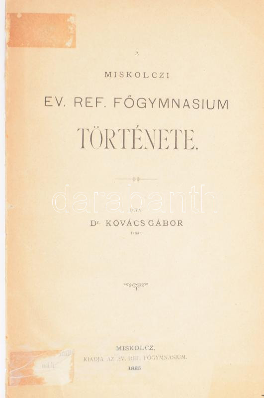 dr. Kovács Gábor: A miskolci ev. ref. főgimnázium története. Miskolc, 1885. Ev. ref. főgimn. 267p. Modern műbőr kötésben
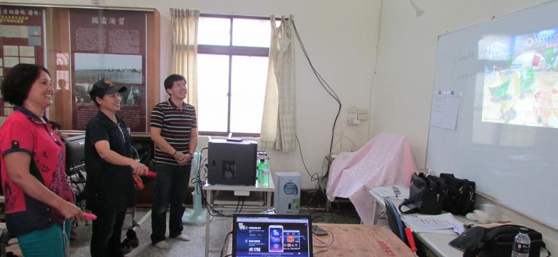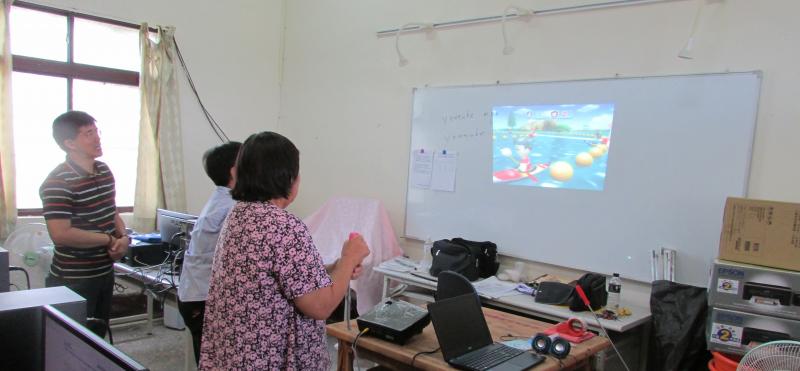 施老師幫害羞的奶奶拍照,逗笑了奶奶們。
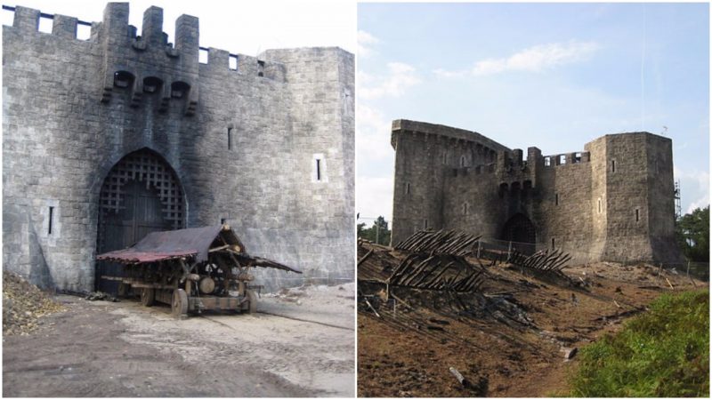 They’ve planted many conifers since then but also implemented fire breaks in between, organizing the woodland in such a way that allows productions to bring their equipment and build large filming sets on location without destroying the forest. Ridley Scott returned to use this location in 2009, for the newest remake of Robin Hood, where he collaborated with Russell Crowe once again. He even got permission to build a castle in the middle of the woods, which stands in for Château de Châlus-Chabrol in France. Pictured above is the castle at the end of filming.

## Instructions to follow
Retype everything in the material word for word, minus pictures.

## Your solution
 dr. Kovács Gábor: A miskolci ev. ref. főgimnázium története. Miskolc, 1885. Ev. ref. főgimn. 267p. Modern műbőr kötésben
 施老師幫害羞的奶奶拍照,逗笑了奶奶們。
 They’ve planted many conifers since then but also implemented fire breaks in between, organizing the woodland in such a way that allows productions to bring their equipment and build large filming sets on location without destroying the forest. Ridley Scott returned to use this location in 2009, for the newest remake of Robin Hood, where he collaborated with Russell Crowe once again. He even got permission to build a castle in the middle of the woods, which stands in for Château de Châlus-Chabrol in France. Pictured above is the castle at the end of filming.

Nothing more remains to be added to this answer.